Hansel frowned at her, unsure. He guessed this could be true. “Never mind all that,” he told her. “Just let me see her so I know she’s okay!”
Emelda sighed. “Calm down, boy. She only went downstairs to the cellar to fetch some … uh … potatoes for me. If you want to wait a few minutes —”
“No, I don’t want to wait,” Hansel said impatiently. “I want to see her right now!”
“If you insist.” Shaking her head, the witchy-looking woman ushered him inside. After moving Gretel’s boots out of the way, she quickly shoved the table aside. Then she rolled back the rug under the table and pulled up a trapdoor. There was a grate under
it.
“You shut the door on her while she was down there?” asked Hansel.
“What? Of course not, you suspicious boy. What a worrywart.” Emelda pointed her walking stick toward the window, saying, “There’s another entrance. A door to the cellar from outside. She went in that way, but I’m sure she’ll come this way if you call her.”
As she was opening the grate, Hansel called into the cellar. “Gretel! Are you down there?” No answer.
“It’s a huge cellar and the potatoes are waaay at the back of it,” said Emelda. “She just can’t hear you. Step inside a ways and try again.”
Hansel could see a ladder going down to the dark cellar. He started to back down it, but then stopped after just a few steps. What if this was another of Emelda’s lies?
Letting go of one side of the ladder, he twisted sideways. “Gretel! Are you down here?” he yelled into the dark abyss. Suddenly, Emelda bent toward him and gave him a shove. Losing his grip on the other side of the ladder, as well as his balance, Hansel fell. And that was the last thing he remembered.

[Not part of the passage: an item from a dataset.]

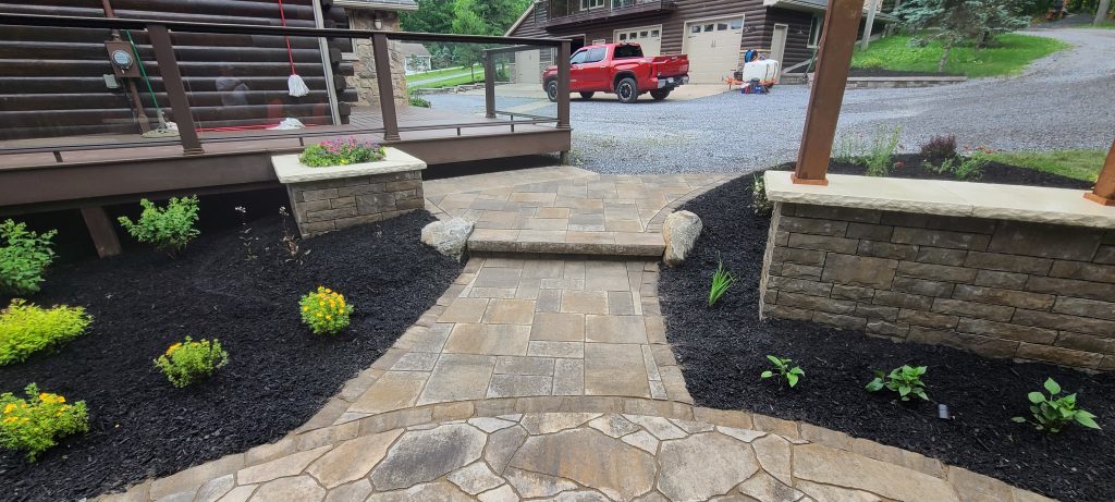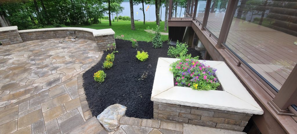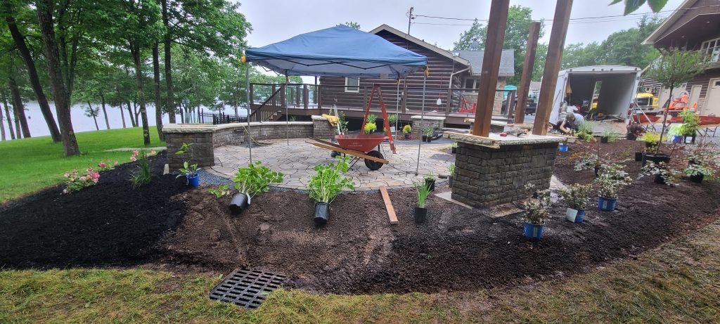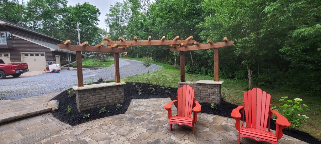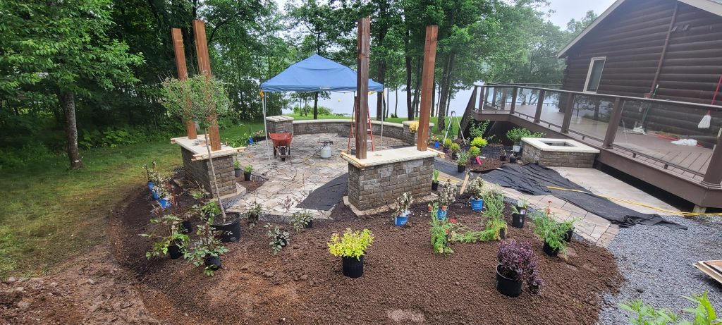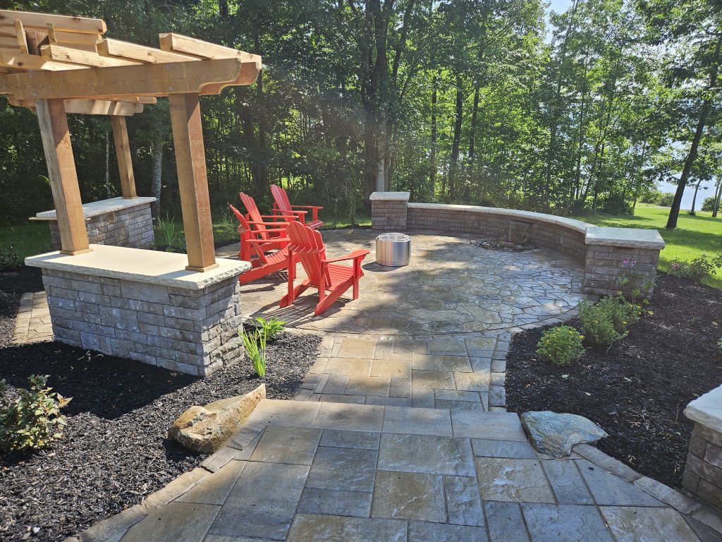 We brought that vision to life with a beautifully expanded patio framed by colourful garden beds and a trellis that blooms throughout the summer. The gentle sound of water adds a soothing backdrop, while the fireplace creates a warm focal point for evening gatherings. Earth-tone pavers in a natural flagstone pattern blend seamlessly with the property, grounding the space in its surroundings and creating a timeless, inviting retreat by the water.

When Gretel awoke the next morning, sun was streaming in through the little transparent-sugar window at the side of her room. It took her a few moments to remember where she was. Once she did, she jumped out of bed. She needed to get back to the Academy!
Red would be worried that she hadn’t shown up at bedtime last night. Because even if Emelda had managed to get hold of Principal R through her crystal ball last night, Gretel doubted the principal would bother to tell Red where she was. Maybe her roomie would think she had slept overnight in Jill’s room or something. Still, when she didn’t show up for breakfast, her friends would definitely get anxious. And if they told Hansel she was missing, he’d really worry.